My memory has not been good since I had a heart attack and a TIA in 2007

...  I can sometimes forget what has happened the previous day.

[28]     The  defendant  filed  an  affidavit  from  Alistair  Macleod,  a  consultant

psychiatrist on the defendant’s medical difficulties since 2007.  His conclusions are:

•      However, after this earthquake [September 2010] it became apparent that he had made at least two significant work related errors.  He had been aware for some time that he had not been performing as well as previously, tending to be a little forgetful, to perhaps procrastinate and not to be as decisive as previously.   These mistakes have resulted in major legal proceedings.

•     ... he has normal MRI a scan and other investigations have essentially been non contributory.

•      With respect to the legal predicament I think it is highly likely that the combination of the above physical, social and relationship losses would likely be  distracting and probably interfere  with  work performance. There is no organic explanation for his inattentions and lapses ...

[29]     Mr Burke also referred to passages from the judgments in McMillan v Joseph (above).  He noted that the passage from the judgment of Cooke P also included the following:6

... here, we are concerned with the use of “dishonest” in an exception clause where it is accompanied by “fraudulent, criminal or malicious” and is evidently used in a wide general sense rather than some special one.

Mr  Burke  submitted  that  the  learned  Judge  did  not  appear  to  have  considered whether the term “dishonest” in that exception clause was coloured by the words which followed.

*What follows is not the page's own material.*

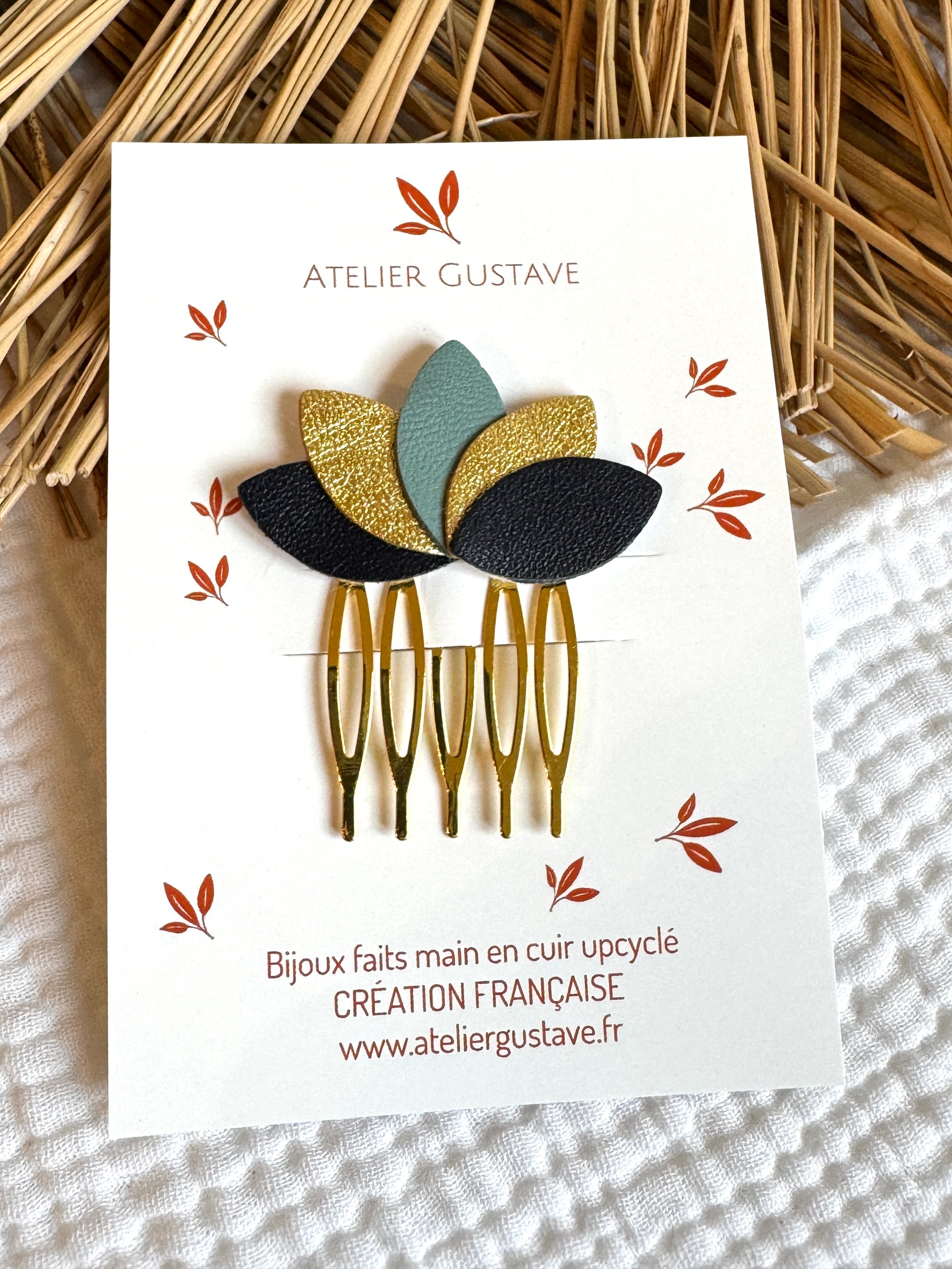 ♡ barrette peigne antiglisse avec ses pétales délicats de cuir dans un joli camaieu

[30]     In the same judgment, Somers J expressed the view that the word ‘dishonest’ “has overtones of lack of probity, conduct that is underhand, not straightforward, that is dishonourable or disgraceful”.7

[31]     Casey J added that ‘dishonest’ is used in the sense of deliberate conduct carrying  its  ordinary  meanings  (amongst  others)  of  not  straightforward  and

underhand.  He went on to say:8

6      Above, n 4, at 75,054.

7      Ibid at 75,055.

8      Ibid at 75,056.

Like fraud, the term is one of wide application in the almost infinite variety of human activity and while the general concepts it embodies are well understood, attempts to analyse or define them narrowly are usually fruitless. In any given case a decision on whether conduct is dishonest is best left to the common sense and experience of the judge or jury after consideration of all the relevant circumstances.

[32]     Mr  Burke  referred  me  to  Starglade  Properties  Ltd  v  Roland  Nash,9   a judgment of the English Court of Appeal.  In his judgment, the Lord Chancellor cited the following passage from Lord Nicholls of Birkenhead in Royal Brunei Airlines v Tan,10  where, after emphasising that the standard of conduct constituting honest or dishonest conduct is not to be subjectively assessed, or accorded higher or lower values according to the moral standards of each individual, his Lordship said:11

...  When called upon to decide whether a person was acting honestly a Court will look at all the circumstances known to the third party at the time.  The Court will also have regard to personal attributes of the third party such as his experience and intelligence, and the reason why he acted as he did.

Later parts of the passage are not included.